Survival Analysis: Cox Proportional Hazards with 4000 indicator variables

Is using 4000 indicator variables in Cox PH a valid approach?

  • Yes, there is no difference in running 2 indicators versus 4000

    Votes: 0 0.0%
  • Yes, but with some wariness

    Votes: 0 0.0%
  • Maybe/maybe Not

    Votes: 0 0.0%
  • Not Valid, but try it anyway

    Votes: 0 0.0%

  • Total voters
THE SITUATION: I am preparing a 420,008 observation Cox Proportional Hazards Regression model with 4001 indicator variables. The 4001st indicator is my baseline. I am using STATA to accomplish this task, but STATA/IC's maximum number of indicators it can generate is set at 2000. Further, the largest matrix it can generate is [n,800]. So, to do this analysis, I created a .do file that runs the Cox Regression (stcox) on 6 batches of 666 indicators each.

1. Since I am comparing the individuals in the first 4000 records to the baseline (the4001st), I am not concerned with my coefficients. However, does running the Cox model in 6 different batches affect the p-values of the individual indicator coefficients? That is, would my p-values retain their level significance if run as a single file rather than as 6 batches? Likewise, would the coefficients retain their p-values if run in 4000 batches?

2. Is there a better way/software that can accomplish this task without batching the process?

3. This is an unconvential use of Cox Regression. Does anyone have an opinion regarding the validity of the process or interpretation of the output?


New Member
I'm not an expert, but one of the assumptions of a Cox model is that each tested variable independently contributes to a change in the dependent variable. So one question is if your model is theoretically sound or if should be seen as way do dredge your data for significant results.
Naturally, with so many tested variables, you will risk coming up with lots of false positive results.
What significance level do you plan to use?
Good point about that Cox assumption. I am new to it myself, but had come to a similar conclusion about the original approach.

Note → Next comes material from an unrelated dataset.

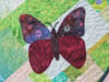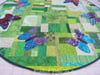 This stunning table topper is made with a scrappy green background and added appliqué batik fabric butterflies on top. The appliqué butterflies are blanket stitched in place. Meandering quilting adds to the look. This would look fabulous on your round table!

Now, I am conceptualizing the indicators as criteria for stratifying the population and then running each of the 4000 population stratifications as 4000 individual experiments. In this sense, each of the stratifications, when run against the baseline, is treated as an independent evaluation. I am running the 4000 as a batch. It takes forever to run, but some of the output I have seen so far shows approximately 1 in 10 with p-values less that 0.1.